An Essay By Aisling // 6/11/2003

I was struck with the idea for this piece a few days ago, and I hope that I shall be able to remember all I had intended to write!

“In Baptism man is enlisted in the army; in Confirmation he is armed for the battle,” says an early Church writer. When I read that line in my religion book I thought it was so perfect, so true, so beautiful. So many people today seem to have a very false sense of life, of liberty, of success, of victory. So many people think to get all we can here and now is the ultimate goal. How far from true! In our world where so much emphasis is put on wealth, and possessions, in this time when who we are is founded on the quality of our job, how much money we make, what type of car we drive, or what size of a house we live in- now, more than ever, the line between true victory and that of this world is blurred, is blotted out, is covered by a thick fog. So many people fall into concentration on comforts that can never satisfy, and luxuries that can never content us. So many people are concerned about popular opinion, and what others will think, or say. So many people are anxious to appear the best, to wear the newest clothes, to go to the newest movies, to drive the newest car. Why? Why do we care more about what the world thinks then what God thinks?
Because if we don’t care about what the world thinks we aren’t going to fit in. We’re going to be looked down on, teased, despised, shut out, ridiculed, rejected. We’re going to suffer, and the human nature shrinks from suffering. Hence, it gathers about itself every comfort it can find, and struggles to fit in, to be accepted, to be admired, to look good. So many people would call this victory. Wealth, pleasure, comfort, esteem. “What could be a greater victory?” They would ask, “What can be better than being great in the eyes of the world?” I say, “Being great in the eyes of God.” True victory is this. Of course we know none of us can be perfect, but the striving for perfection is half the battle. The desire to over come our selves is half the struggle. God doesn’t say life won’t be hard, He only says life won’t be impossible. He doesn’t promise that we won’t ever be despised, He only promises He won’t ever leave; He, at least, will never cease to love us. Isn’t that enough?

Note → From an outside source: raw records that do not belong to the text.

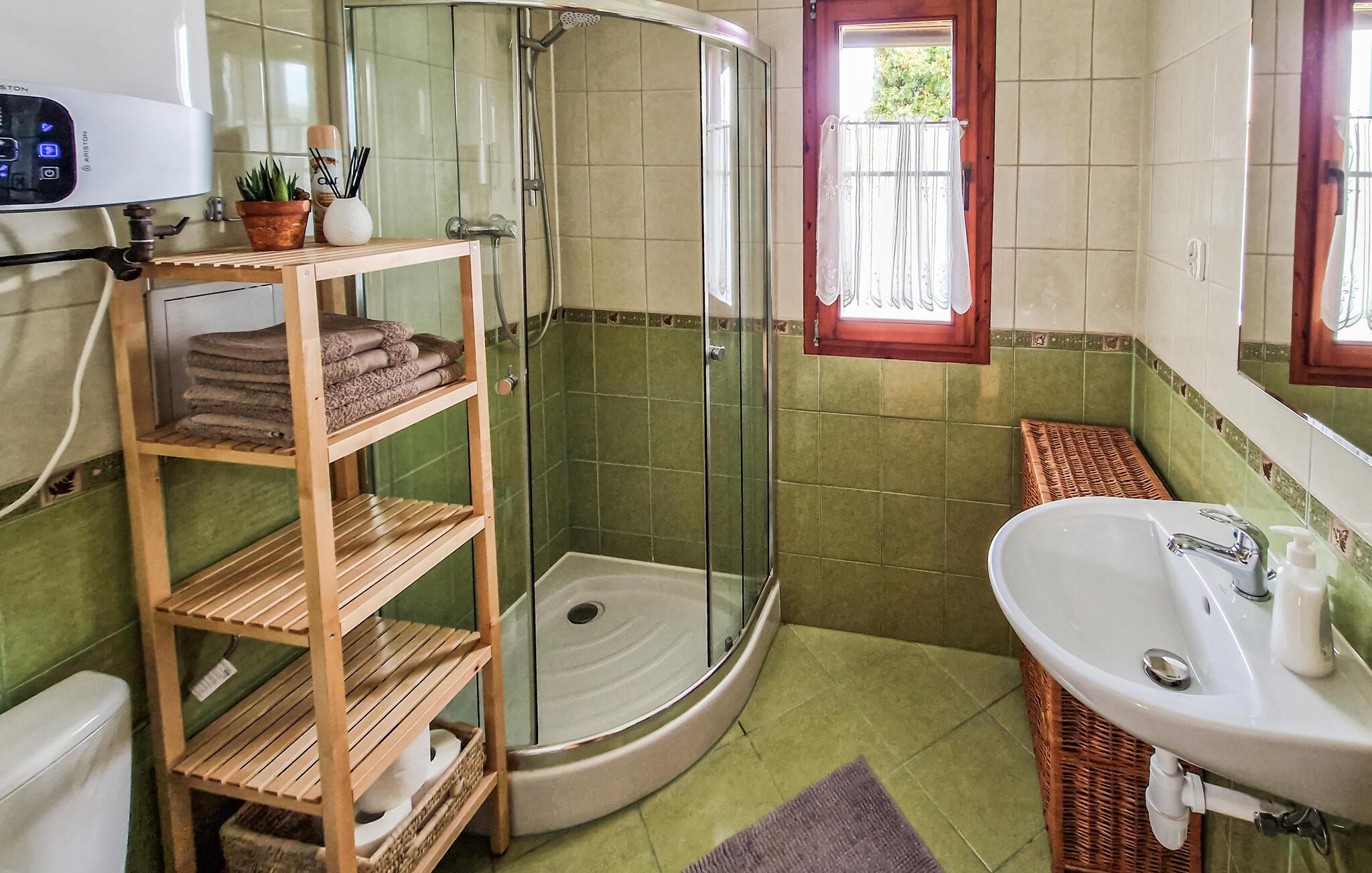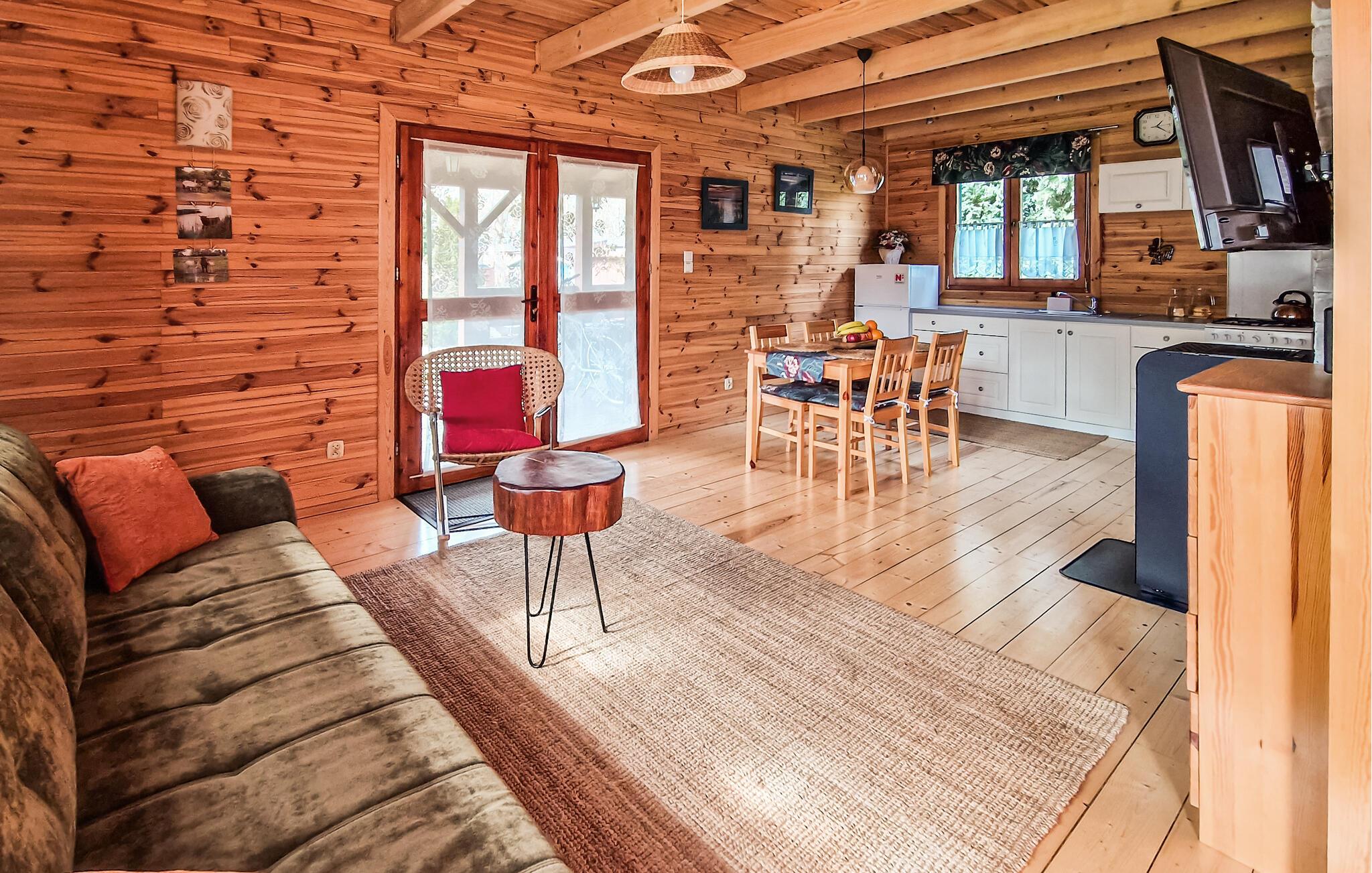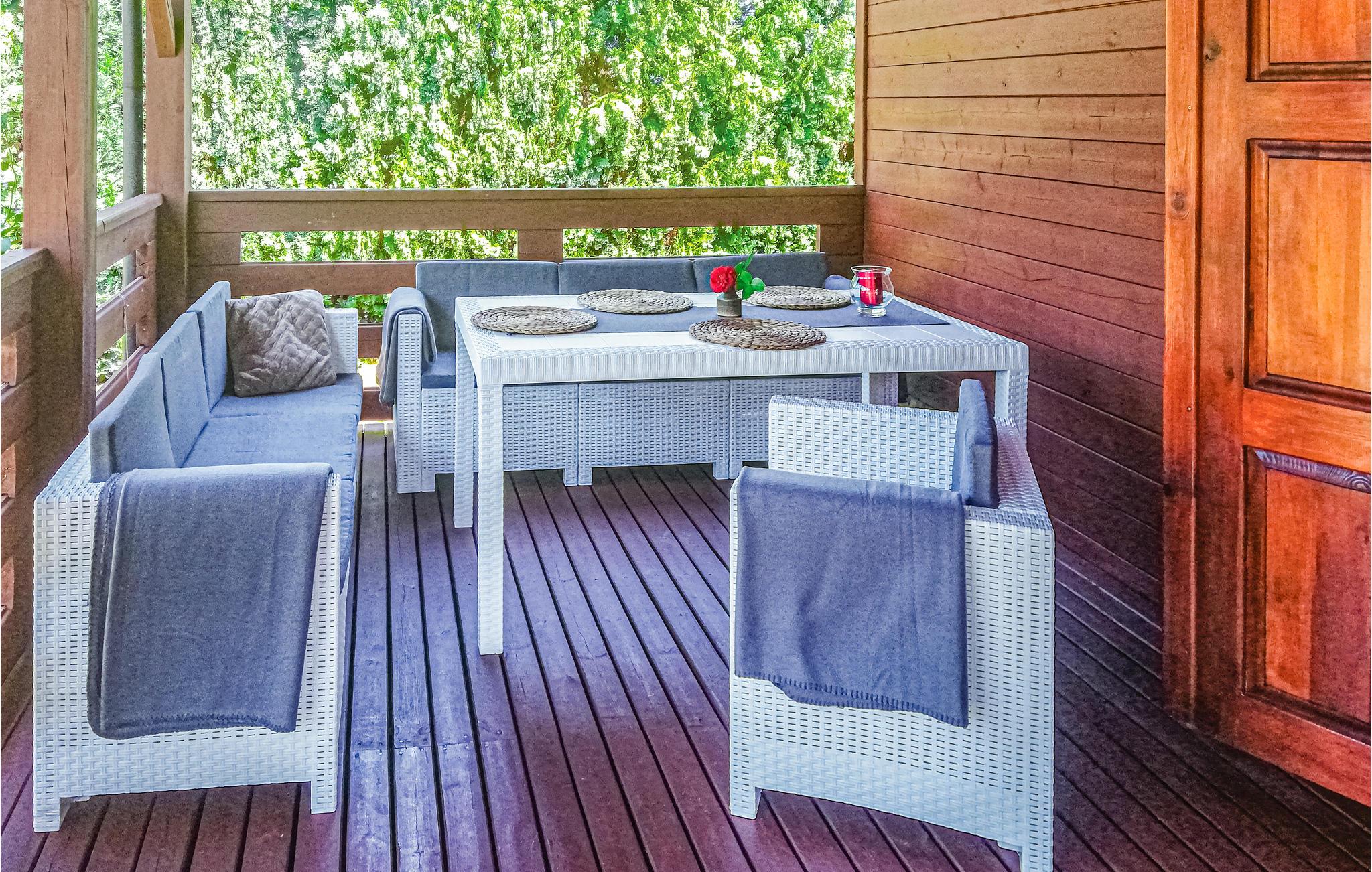 Das Haus mit einer Wohnfläche von ca. 80 m² befindet sich auf einem umzäunten 1.200 m² großen Grundstück. Das Haus besteht aus einem Wohnzimmer mit Küche, zwei Schlafzimmern und einem Badezimmer mit Dusche. Die Einrichtung des Hauses ist von der Natur inspiriert. Die beruhigenden Farben und die Verwendung natürlicher Materialien wirken sich positiv auf Ihr Wohlbefinden aus Das Haus ist kinder- und tierfreundlich.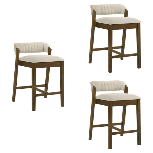 Greely Saddle Barstool Set With Fabric Upholstery - Light Gray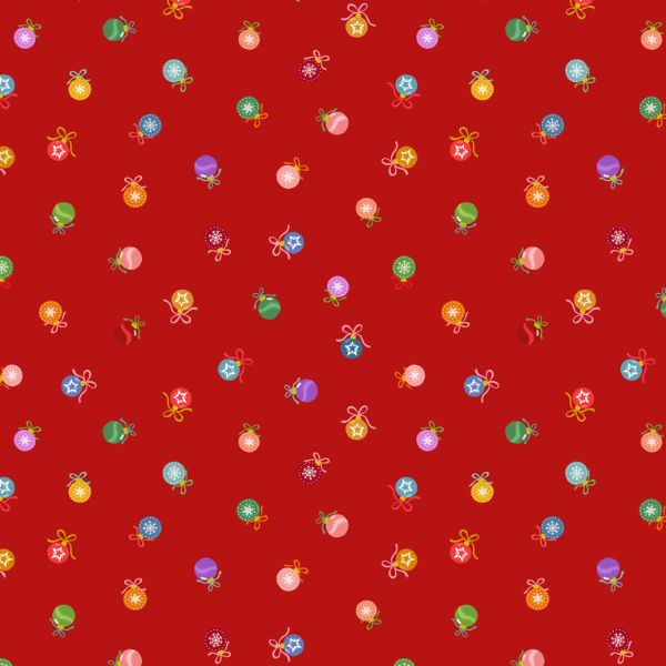 C119-3 Oh Christmas Tree! Baubles on Red with Gold Metallic, Lewis & Irene. A festive fabric adorned with pretty coloured baubles, featured on a red background.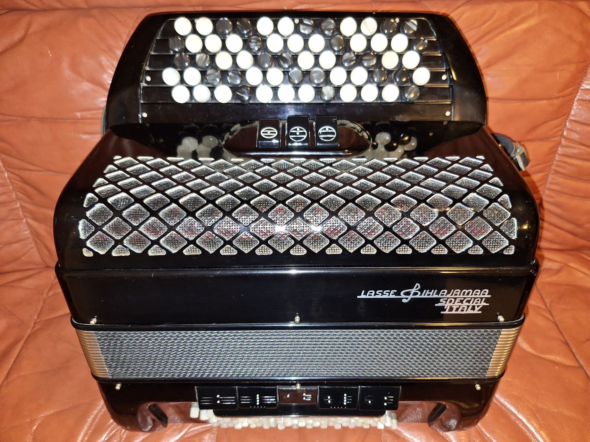 Lasse Pihlajamaa melodiabasso harmonikka . 37 soivaa diskanttiääntä ja 37 melodiabassoääntä.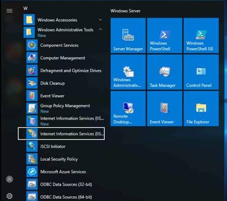 Launch Start menu by hovering the mouse cursor over the lower-left corner of the desktop. Scroll down for Windows Administrative Tools folder. Click Internet Information Services (IIS) Manager application to launch IIS Manager.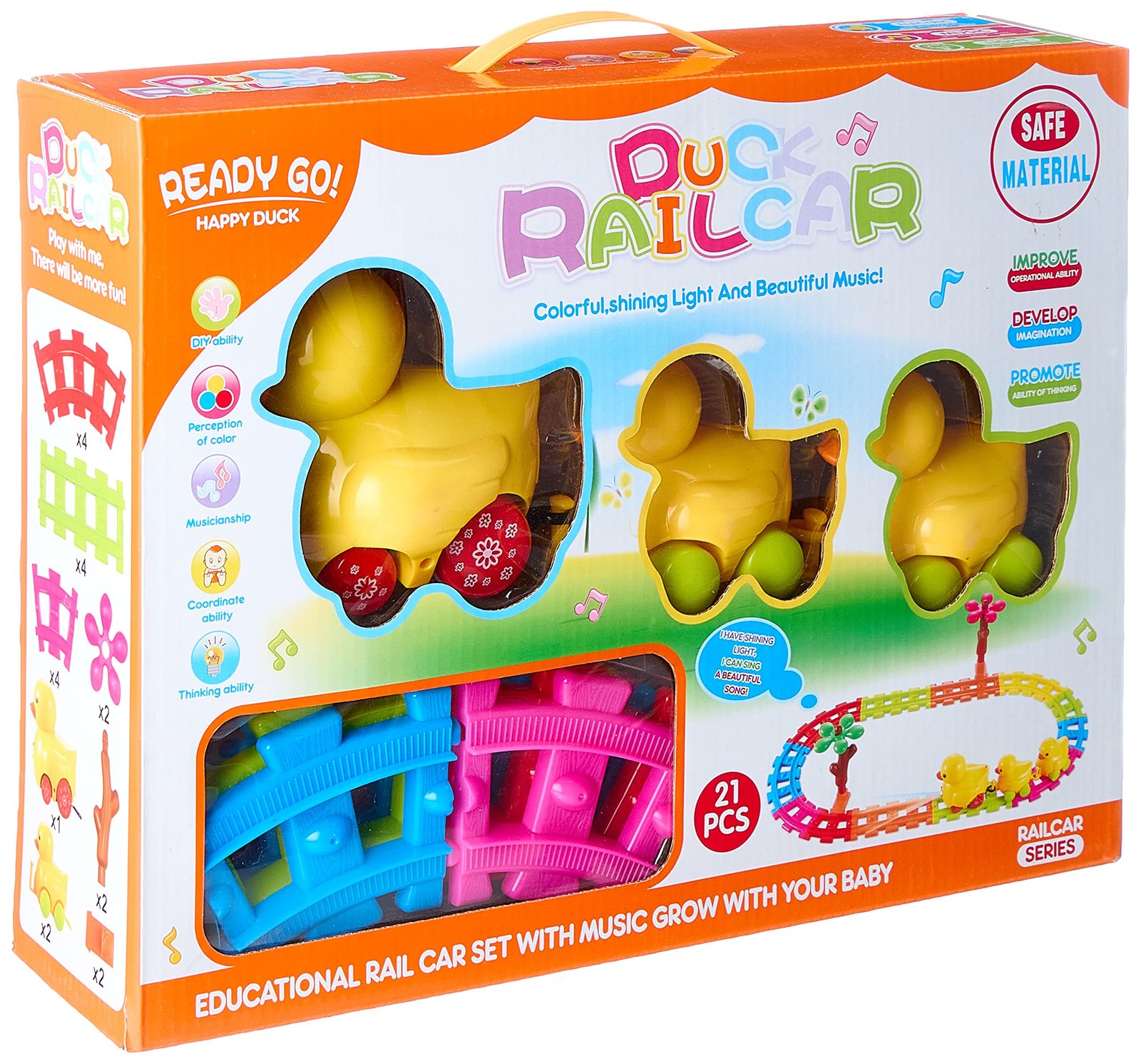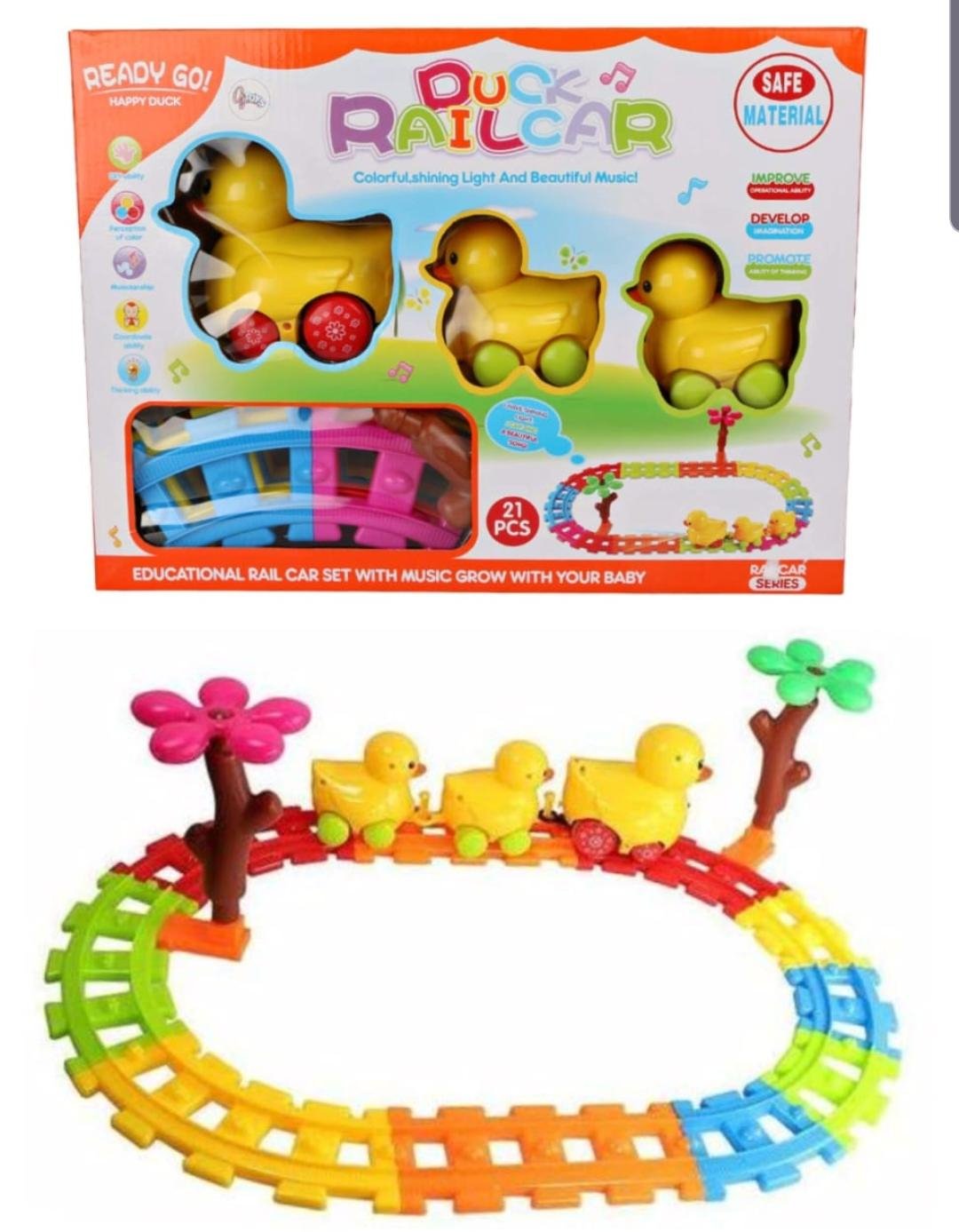 🔧 21 Pieces Set – Complete track + duck cars included

“In Baptism man is enlisted in the army; in Confirmation he is armed for the battle.” God equips us with what we need to conquer our selfish or proud inclinations, to conquer sin and temptations. He knows that we will suffer; furthermore He knows what it is to suffer. He became the smallest of the small to show us what it is to be great. He became the weakest of the weak to show us what it is to be strong. He became the object of so many people’s hatred to show us what it is to love. He came to be mocked, tortured, beaten, and finally killed, to show us what it is to be victorious. Can’t we see it now? Victory is not in the money we accumulate. Victory is not in the house we inhabit. Victory is not in the job we get. Victory is not in what we know, or where we’ve been, or who we’ve met. To be victorious is to stand up and face the world with our sword in our sheath and our shield in our hand, with the courage to say “no” to the world, and “yes” to Christ. Victory is not found in any of this world’s temporary luxuries. Victory is only found in the cross. Have we the courage to accept it? Have we the courage to undertake the fight? Have we the courage to strive for a costly victory, when we might have to do it without the assent or the esteem of the world? God calls us to be enrolled in the army, He arms us for the battle, but He cannot make us fight. That is what we must choose: victory, or defeat.